当部門は、地質調査総合センター(GSJ)の研究ユニットとして、「持続可能な地圏の開発利用と保全のための調査と研究」を、ミッションとして担当しています。環境保全と開発・利用との調和を実現する技術開発と共に、国の資源エネルギー政策や産業の持続的発展に貢献するために、地下資源の安定確保・利用および地下環境のバリア機能の利用、産業利用に伴う地下環境の保全に関する調査・研究、さらに関連する地圏調査や分析技術の開発を行います。

  • ①地圏資源(Geo Resource)の調査・研究および活用
  • ②地圏環境(Geo Environment)の利用と保全のための調査・研究
  • ③地圏の調査および分析技術(Geo Exploration & Analysis)の開発と展開

組織概要

当部門には現在9つの研究グループあり、地質的な対象が明確な“資源”に関係するグループ、地圏環境の活用や保全などの“環境”に関係するグループ、共通基盤的に用いられる“技術”に焦点を当てたグループがあります。しかし最近では、社会課題解決への積極的な貢献のために、グループを越えた分野横断・融合的な研究活動を重視しています。

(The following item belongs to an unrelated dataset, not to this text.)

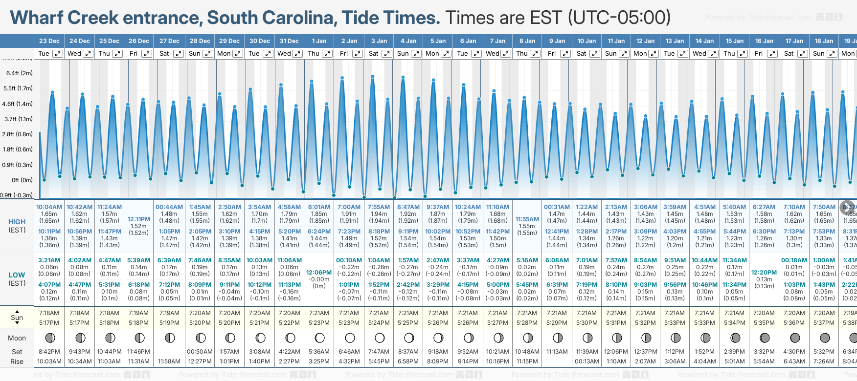 NOTE: Use of this site for Wharf Creek entrance, South Carolina tide times is subject to our terms.
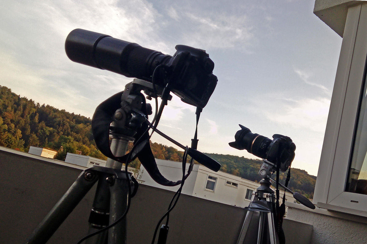 Die Canon EOS 600D mit dem 30 Jahre alten Tokina RMC 400 mm sollte für die Mondfotos eingesetzt werden, die EOS 7D mit dem Tamron SP 1:2,8/17-50 mm für Reihenaufnahmen der Mondbahn im 4 Minuten Abstand. Das war wegen der dichten Wolken zum Beginn der Finsternis nicht möglich.

国の政策や企業の研究開発ニーズに応える各種研究プロジェクトだけでなく、独創的な技術シーズを起点にした研究開発にも取組み、さらにGSJの一員として、水文環境や表層土壌、鉱物資源に関する図幅やDB整備、土壌汚染や環境浄化の技術の標準化など、知的基盤情報の整備にも努めています。

組織概要(組織図):図

研究グループ

  • 地下水研究グループ:イメージ
    地下水研究グループ

    目に見えない地下水の性質や流れを知るため、様々な技術を用いて研究しています。

  • 鉱物資源研究グループ:イメージ
    鉱物資源研究グループ

    国内外で鉱物資源の開発可能性評価や廃鉱石再活用の研究を行っています。

  • 燃料資源地質研究グループ:イメージ
    燃料資源地質研究グループ

    石油や天然ガスなどの燃料資源の探査手法や評価技術の研究を行っています。

  • 地圏微生物研究グループ:イメージ
    地圏微生物研究グループ

    地圏微生物の活動を調査し、資源開発や環境保全に役立つ研究を行っています。

  • 地圏環境評価研究グループ:イメージ
    地圏環境評価研究グループ

    非金属鉱物資源や環境リスク評価など、地圏環境の評価に関する研究を行っています。

  • 物理探査研究グループ:イメージ
    物理探査研究グループ

    社会インフラ保全のための評価技術、資源探査、CCS漏洩モニタリングなどに資する物理探査技術の開発に取り組んでいます。

  • CO2地中貯留研究グループ:イメージ
    CO2地中貯留研究グループ

    CO2地中貯留や鉱物固定などに関する技術開発を進めています。

  • 地圏環境リスク研究グループ:イメージ
    地圏環境リスク研究グループ

    地圏環境リスク評価手法の開発や修復技術の研究を推進しています。

  • 地圏環境リスク研究グループ:イメージ
    地圏メカニクス研究グループ

    地圏メカニクスに関する基礎研究と応用技術の開発を行っています。